→ **What to work on**
Produce a word-for-word copy of the lines from the one that contains "YOUNG MEMBERS OF" to the final line of the data below, with all pictures dropped.

*** Provided material ***

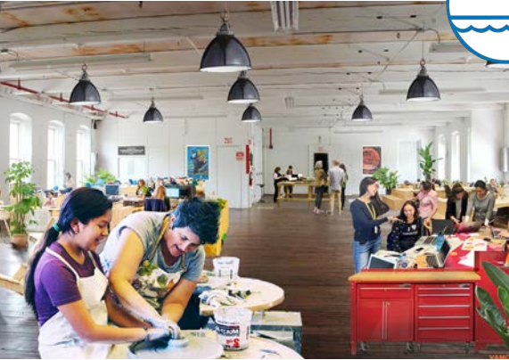
Thornwillow Makers Village, Newburgh, Orange County
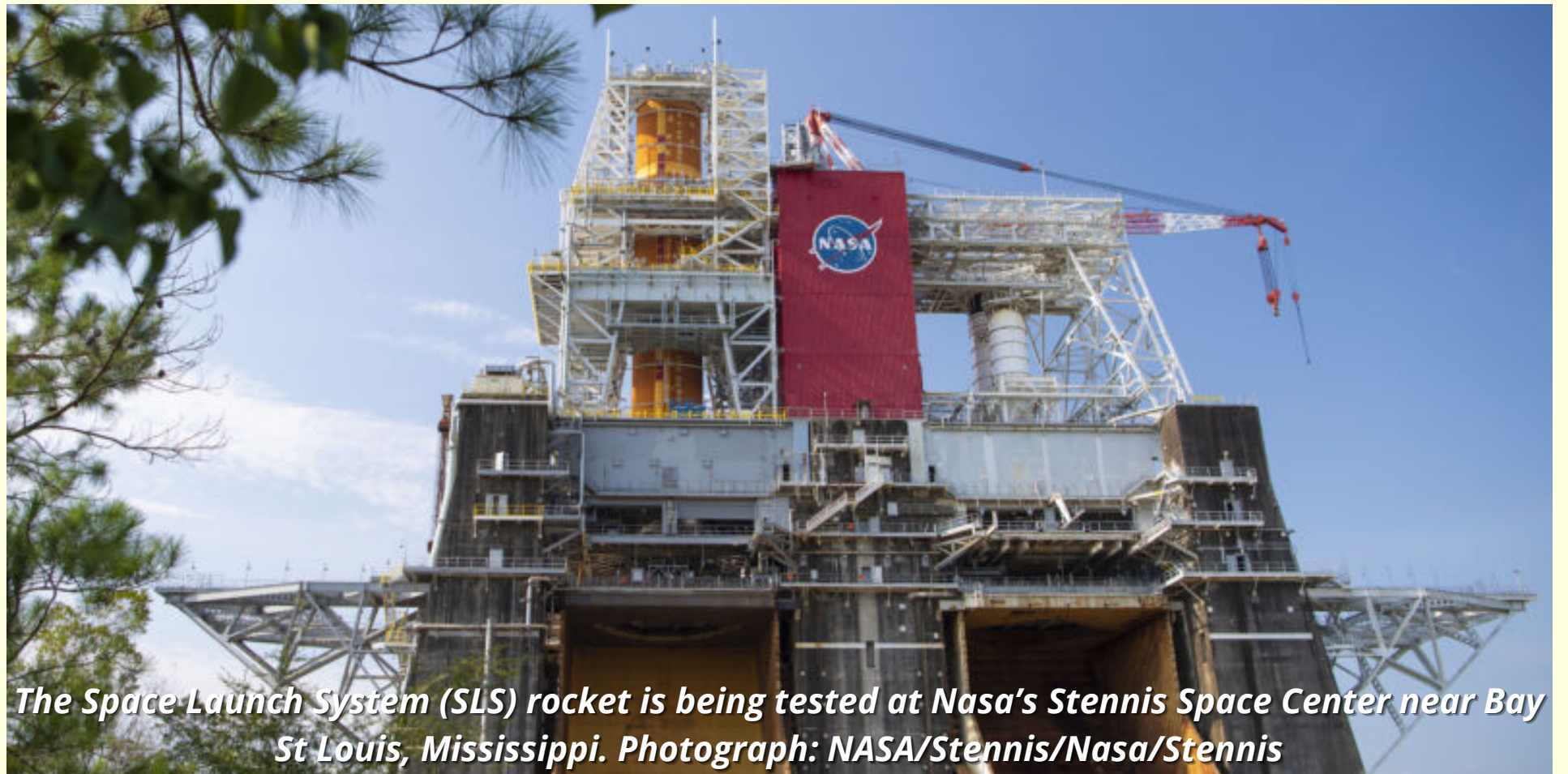
The Space Launch System (SLS) rocket is being tested at Nasa's Stennis Space Center near Bay St Louis, Mississippi.

Progress for NASA's Artemis program has been somewhat slow with a few setbacks along the way. Congress has granted NASA over 20 billion dollars since 2011 in the pursuit of designing new space shuttles to get astronauts to the moon by 2024. The eventual moon mission will be the third Artemis mission with the first mission being set for November of 2021 after a few years of setbacks, as the original launch date was set back in 2017 between December of 2019 and June 2020. This setback has cost NASA an additional 33% in the mission cost, or an increase of roughly 2 billion dollars. Before this unmanned mission occurs the engine for this new shuttle, which consists of 4 shuttle engines, needs to be tested and refined. That coupled with the complication of COVID may push this launch date back again, but in any case manned missions to the moon and beyond are closer to reality with each passing year.
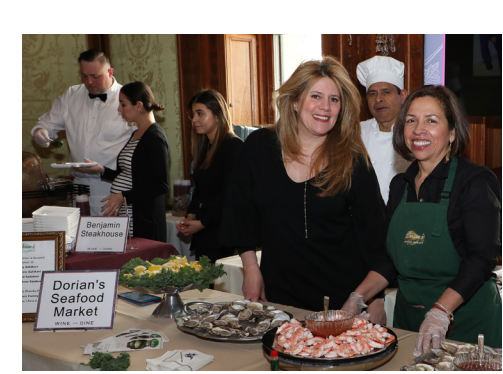
Dorian's Seafood Restaurant Team
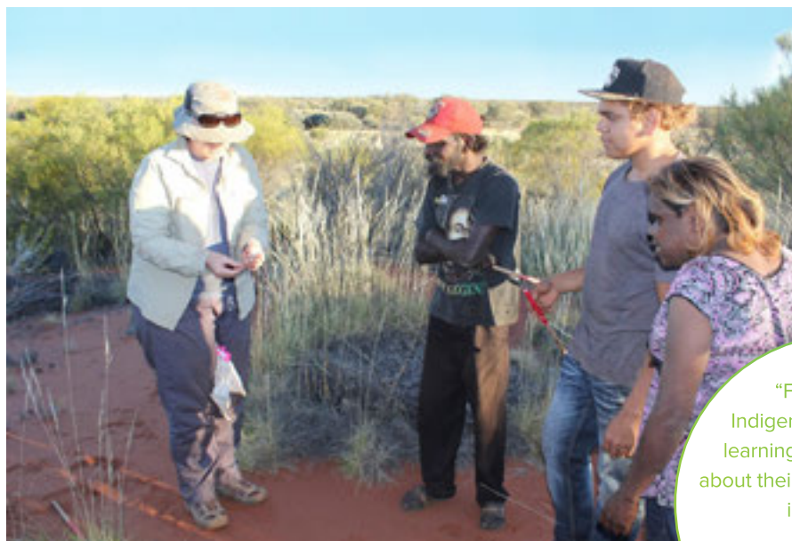
YOUNG MEMBERS OF THE TJIRRKARLI COMMUNITY ASSISTING WITH TRAP CHECKING.

Funds from the Trust contributed to two young faunal experts attending the project, providing educational materials for the students, the purchase of a night camera and bat trap, and part-funded a computer-linked microscope.
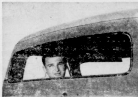
GLANCE back through the 4-ft. rear window. See where you're backing, without leaning. Ford Trucks have more glass area than any of the five other leading truck makes.
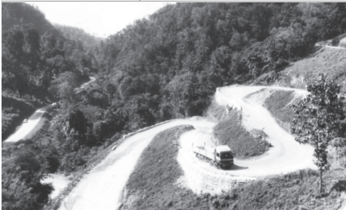
A heavy truck rolling on the mountain road section of the Mandalay-Lashio-Muse Road, an important facility helping promote Myanmar's border trade with the People's Republic of China, and develop a large region covering the northern Shan State especially the border areas, with Muse, a border town, at the centre.
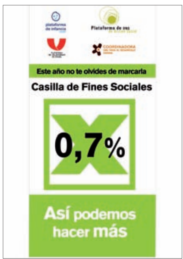
2009 "Social Purposes" campaign.
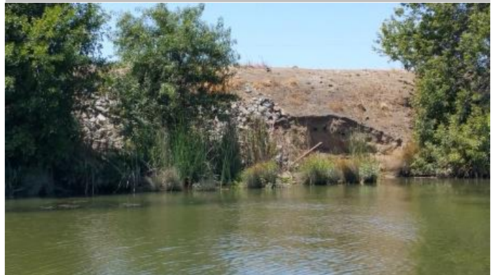
A close view of the erosion.
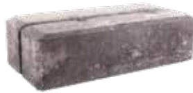
#110240 - Lenza Wall Block

The Lenza Wall is the newest wall innovation. Perfect for decorative walls, fire pits or outdoor grill stations, the clean lines of the Lenza Wall will be a showstopper.
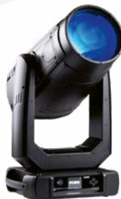
iForte LTX/LTX FS

*** End of Provided material ***

→ **Task response**
YOUNG MEMBERS OF THE TJIRRKARLI COMMUNITY ASSISTING WITH TRAP CHECKING.

Funds from the Trust contributed to two young faunal experts attending the project, providing educational materials for the students, the purchase of a night camera and bat trap, and part-funded a computer-linked microscope.
GLANCE back through the 4-ft. rear window. See where you're backing, without leaning. Ford Trucks have more glass area than any of the five other leading truck makes.
A heavy truck rolling on the mountain road section of the Mandalay-Lashio-Muse Road, an important facility helping promote Myanmar's border trade with the People's Republic of China, and develop a large region covering the northern Shan State especially the border areas, with Muse, a border town, at the centre.
2009 "Social Purposes" campaign.
A close view of the erosion.
#110240 - Lenza Wall Block

The Lenza Wall is the newest wall innovation. Perfect for decorative walls, fire pits or outdoor grill stations, the clean lines of the Lenza Wall will be a showstopper.
iForte LTX/LTX FS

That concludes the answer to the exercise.